TASK DETAILS: From the listing below, restate word for word the lines from the line containing "Tari Jaipong dari Jawa Barat" down through the line containing "ABSCHIED VON GESTERN (DE 1965/66)". Exclude pictures.

DATA EXCERPTS:
--*--

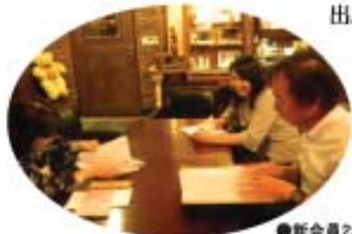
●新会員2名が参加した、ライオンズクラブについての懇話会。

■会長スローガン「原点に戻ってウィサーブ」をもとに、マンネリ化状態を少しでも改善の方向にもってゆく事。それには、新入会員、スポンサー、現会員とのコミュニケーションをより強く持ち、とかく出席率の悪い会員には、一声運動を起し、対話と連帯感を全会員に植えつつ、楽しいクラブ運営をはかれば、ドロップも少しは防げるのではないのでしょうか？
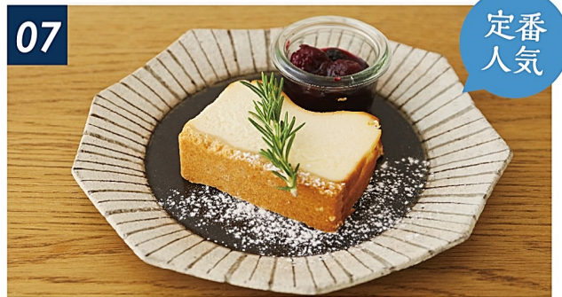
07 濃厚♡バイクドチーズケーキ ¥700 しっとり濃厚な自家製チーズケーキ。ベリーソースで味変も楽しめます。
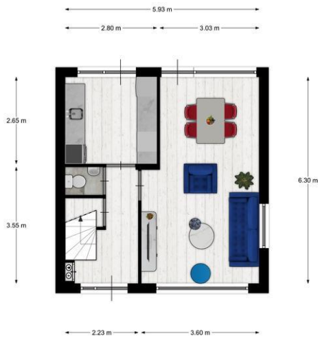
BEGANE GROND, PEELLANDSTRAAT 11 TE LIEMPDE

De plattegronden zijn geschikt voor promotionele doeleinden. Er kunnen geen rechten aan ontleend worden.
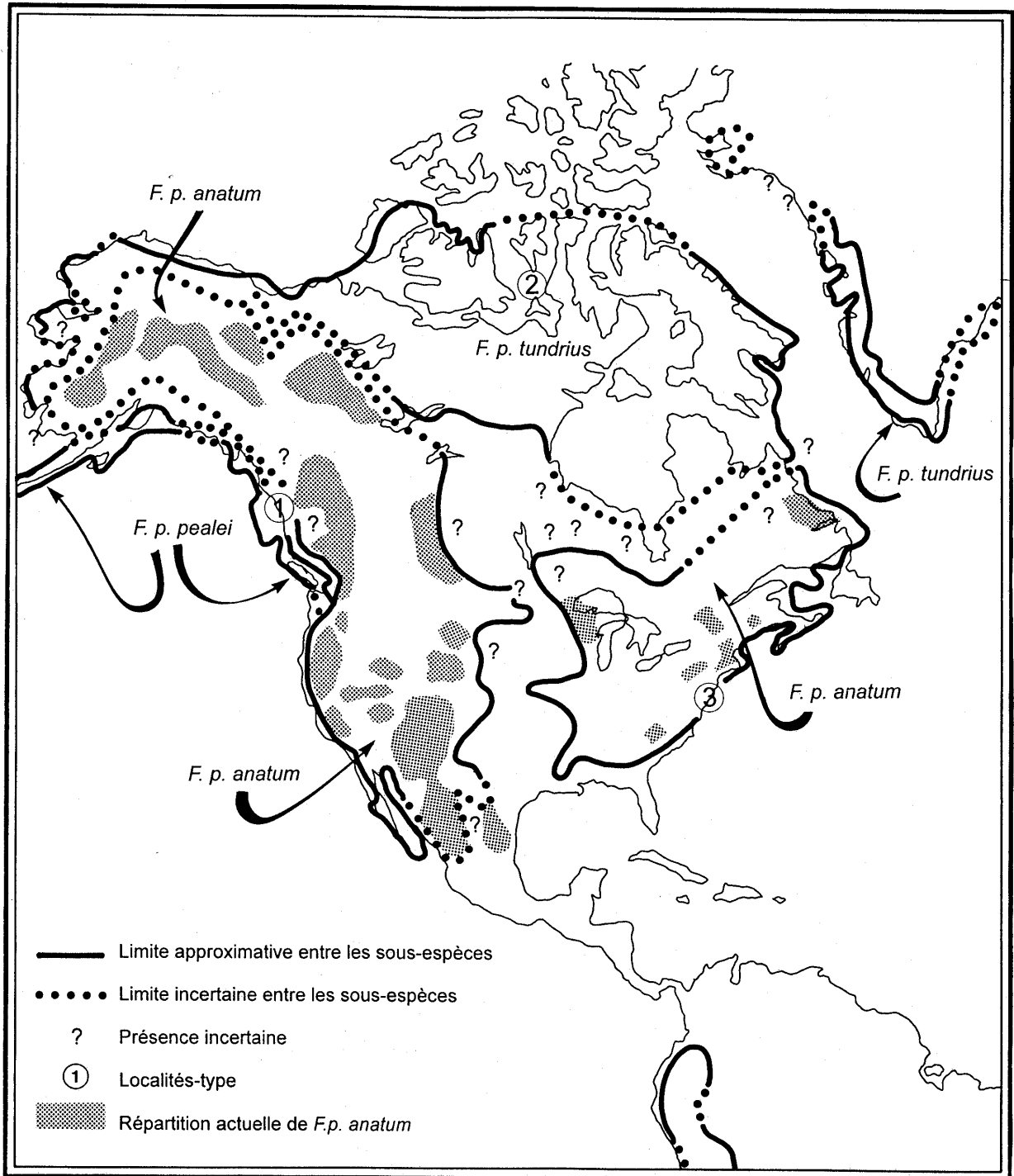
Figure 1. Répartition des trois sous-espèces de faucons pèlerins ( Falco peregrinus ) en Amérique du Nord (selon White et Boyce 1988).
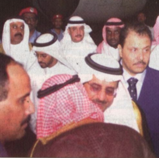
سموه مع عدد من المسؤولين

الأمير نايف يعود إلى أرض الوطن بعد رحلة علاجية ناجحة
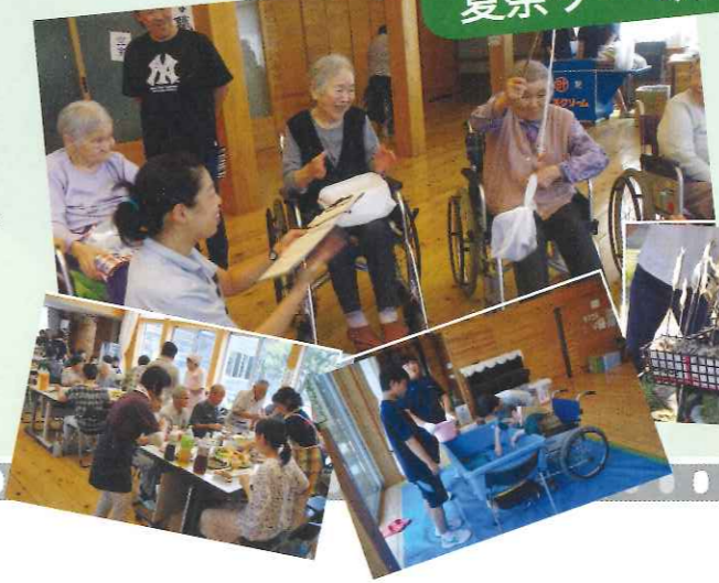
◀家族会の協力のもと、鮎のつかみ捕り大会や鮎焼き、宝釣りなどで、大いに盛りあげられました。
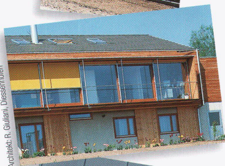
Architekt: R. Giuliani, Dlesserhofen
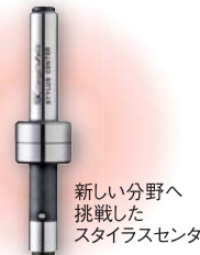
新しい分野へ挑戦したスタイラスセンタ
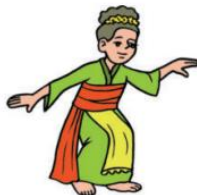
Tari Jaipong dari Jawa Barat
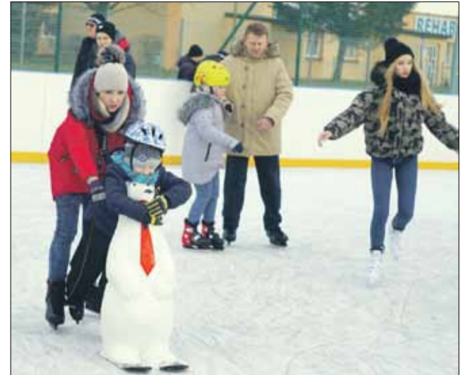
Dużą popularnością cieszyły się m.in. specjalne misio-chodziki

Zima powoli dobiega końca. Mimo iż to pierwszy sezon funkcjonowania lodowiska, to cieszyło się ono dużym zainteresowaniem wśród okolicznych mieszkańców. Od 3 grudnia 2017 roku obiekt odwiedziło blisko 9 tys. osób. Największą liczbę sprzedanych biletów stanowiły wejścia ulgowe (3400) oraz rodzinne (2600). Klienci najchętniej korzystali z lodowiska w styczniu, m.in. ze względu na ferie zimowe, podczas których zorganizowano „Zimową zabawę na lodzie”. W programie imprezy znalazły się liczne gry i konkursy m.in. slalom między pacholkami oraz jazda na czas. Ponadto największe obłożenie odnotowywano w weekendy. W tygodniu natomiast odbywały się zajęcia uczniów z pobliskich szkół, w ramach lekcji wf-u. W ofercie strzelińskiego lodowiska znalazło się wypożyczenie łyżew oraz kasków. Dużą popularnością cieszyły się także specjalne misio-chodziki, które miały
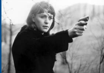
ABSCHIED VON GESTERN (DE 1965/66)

--*--

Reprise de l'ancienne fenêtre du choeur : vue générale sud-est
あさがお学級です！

--*--

THE ANSWER:
Tari Jaipong dari Jawa Barat
Dużą popularnością cieszyły się m.in. specjalne misio-chodziki

Zima powoli dobiega końca. Mimo iż to pierwszy sezon funkcjonowania lodowiska, to cieszyło się ono dużym zainteresowaniem wśród okolicznych mieszkańców. Od 3 grudnia 2017 roku obiekt odwiedziło blisko 9 tys. osób. Największą liczbę sprzedanych biletów stanowiły wejścia ulgowe (3400) oraz rodzinne (2600). Klienci najchętniej korzystali z lodowiska w styczniu, m.in. ze względu na ferie zimowe, podczas których zorganizowano „Zimową zabawę na lodzie”. W programie imprezy znalazły się liczne gry i konkursy m.in. slalom między pacholkami oraz jazda na czas. Ponadto największe obłożenie odnotowywano w weekendy. W tygodniu natomiast odbywały się zajęcia uczniów z pobliskich szkół, w ramach lekcji wf-u. W ofercie strzelińskiego lodowiska znalazło się wypożyczenie łyżew oraz kasków. Dużą popularnością cieszyły się także specjalne misio-chodziki, które miały
ABSCHIED VON GESTERN (DE 1965/66)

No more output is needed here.